- Music
- 17 Apr 01
Patrick Brennan talks to Gerry Fleming, winner of the Smithwick's Songwriters' Sessions
“Competitions don’t really appeal to me because music is not a competition. It’s preference. People like it or they don’t like it.”
So says Gerry Fleming, ironically, the winner of the Smithwick’s Songwriters’ Sessions, organised in conjunction with Sun Studios and Hot Press, and with the support of IMRO and the co-operation of Mick Hanly.
“I did a competition before with Hot Press and we got as far as second place with a band called Fantasy Garden,” says Gerry, deepening the irony. “We had a good following. It was going places. Our last gig was at The Olympia. But the bubble burst and people just got disillusioned. But as regards the competition I just said never again. Not because we came second but because there was a lot of shit involved between ourselves. You kind of lose sight of the original goal you set out to achieve and you start heading towards something else. Then when that’s over what do you do next?”
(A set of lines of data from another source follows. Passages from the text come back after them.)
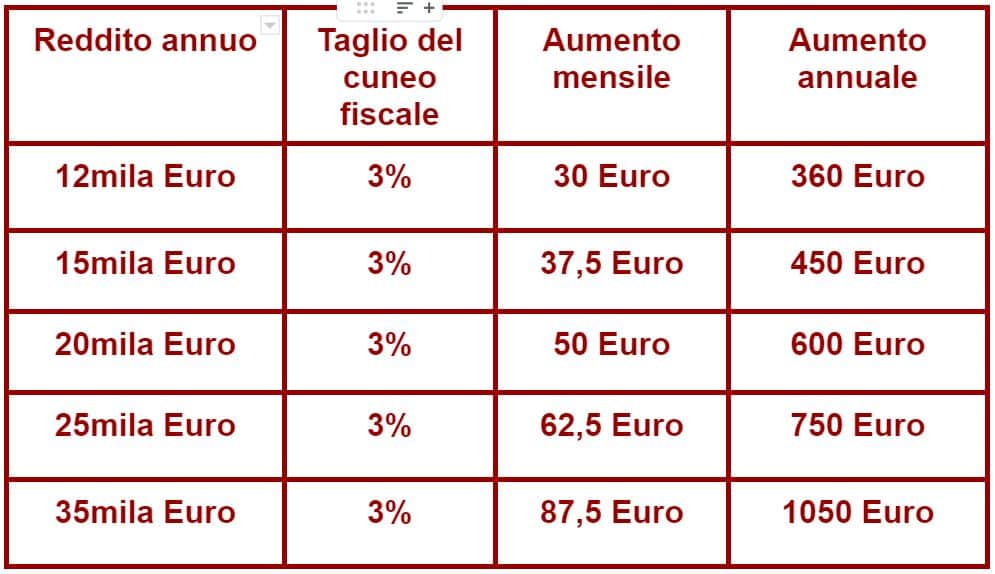 Per far capire meglio cosa produrrà il taglio del cuneo fiscale del 3% abbiamo realizzato una tabella specifica contenente gli aumenti mensili e quelli annuali.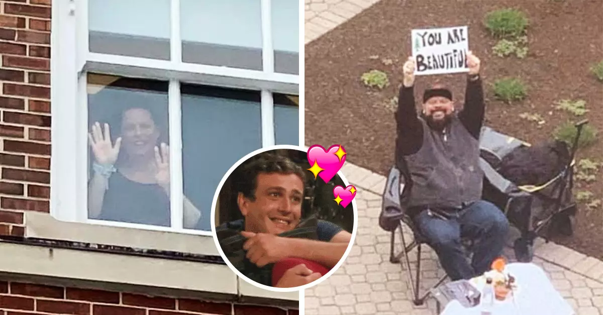 Separarse en esta etapa fue difícil para la pareja, ambos necesitan el apoyo del otro. Su esposo no podía visitarla en el hospital por el riesgo de contagio de Covid-19. Al principio se comunicaban por videollamada, pero no fue suficiente; Bob tuvo que ingeniárselas para apoyar a su mujer y la mejor manera fue plantarse afuera de su ventana del hospital y darle ánimos con carteles. ¡Eso es amor!
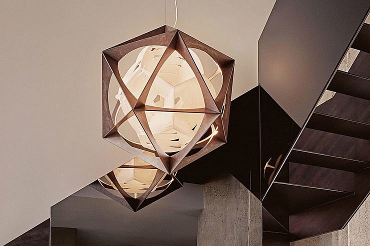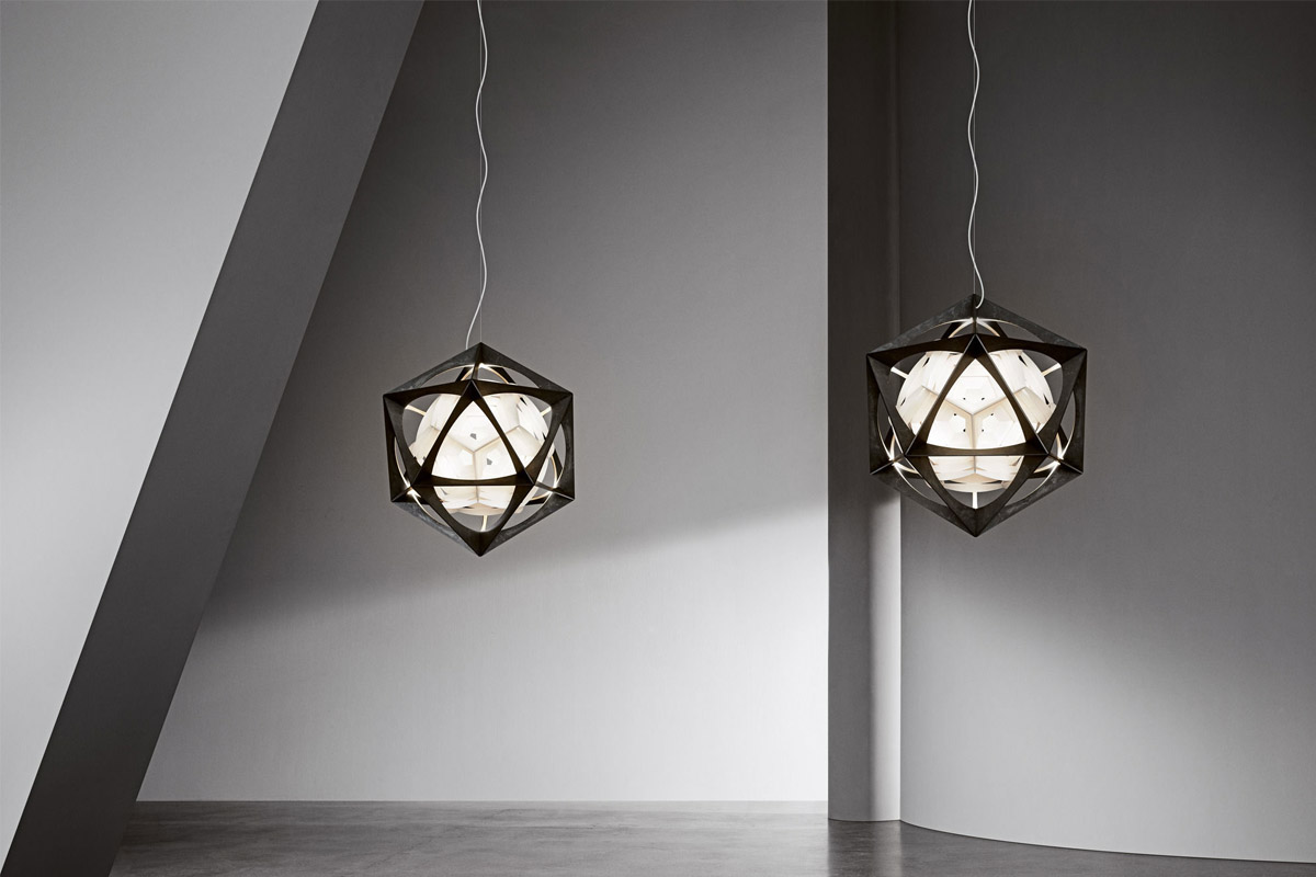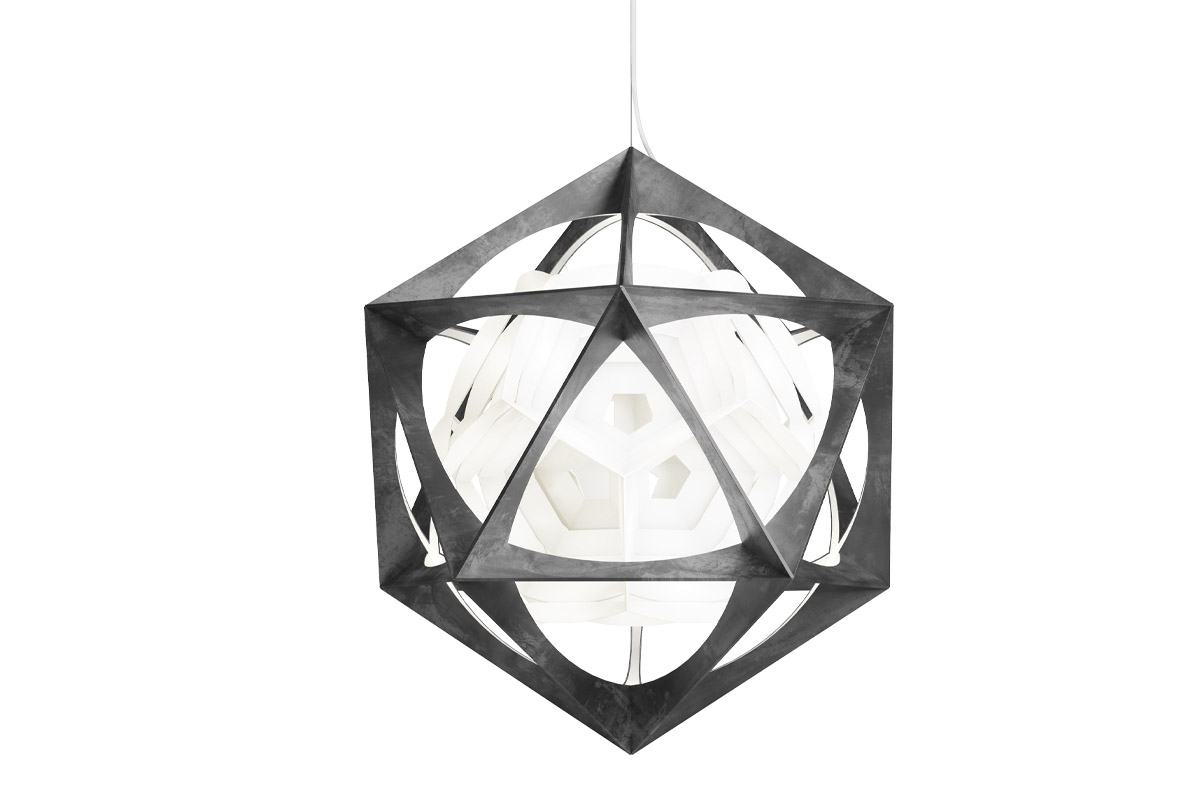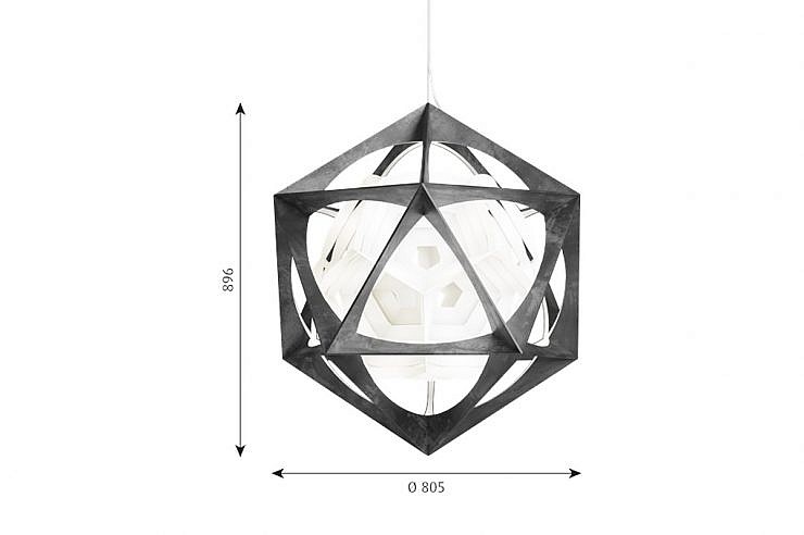Viseče svetilo je bilo ustvarjeno z mislijo na trajnost. Uporabljen aluminij je 90% recikliran, drugi materiali pa so v celoti reciklirani. Sestavljeno je iz dveh kontrastnih, a med seboj povezanih geometrijskih oblik.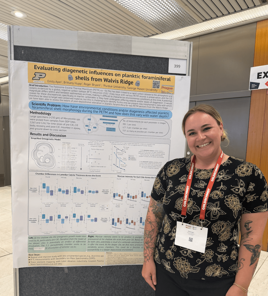 This Summer, Emily traveled to the Annual Goldschmidt Conference in Prague, where she presented the latest research results on diagenetic influences on foraminifera from the Paleocene-Eocene Thermal Maximum.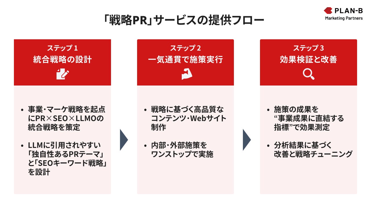 株式会社PLAN-Bマーケティングパートナーズ(本社:東京都品川区、代表取締役:鳥居本 真徳)は、生成AIの普及による検索ユーザーの情報収集プロセスの変化に対応し、企業のマーケティング成果を最大化するための新サービスとして、SEO/LLMOのノウハウを取り入れた戦略的なPRを企画・実行する「戦略PR」サービスの提供を開始します。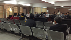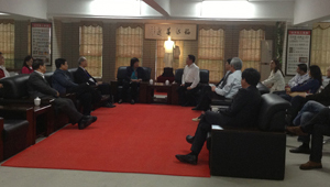 4月20日下午,教育部职业院校外语类专业教学指导委员会(以下简称外语教指委)刘黛琳主任率领2014年海峡两岸高职外语教育院校校长论坛参会代表一行30余人莅临永利官网潘渡新校区参观交流。永利官网党委副书记黄跃舟、副校长胡新平热情地接待了来访客人,并进行了座谈。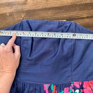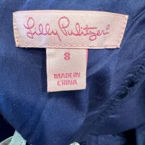 Chic navy dress by Lilly Pulitzer. Features subtle pink accents. Ideal for stylish outings. Corset top and vibrant colors. Sooo pretty!

Nevertheless, after Fantasy Garden disbanded Gerry kept writing songs. As he says himself once you’ve started writing you can’t stop really. Even though there were lots of encouraging noises from publishers no concrete offers materialised. With his back to the wall he decided to throw his lot into a competition one more time.
From taped submissions consisting of three songs, ten songwriters were selected to appear with Mick Hanly, each on a different night of his nationwide tour. The winner was then selected from a recording of those performances. Opportunity knocked for Gerry at Whelan’s. It was an unforgettable experience, a night that he can still unroll in his mind, scene by scene, like a movie.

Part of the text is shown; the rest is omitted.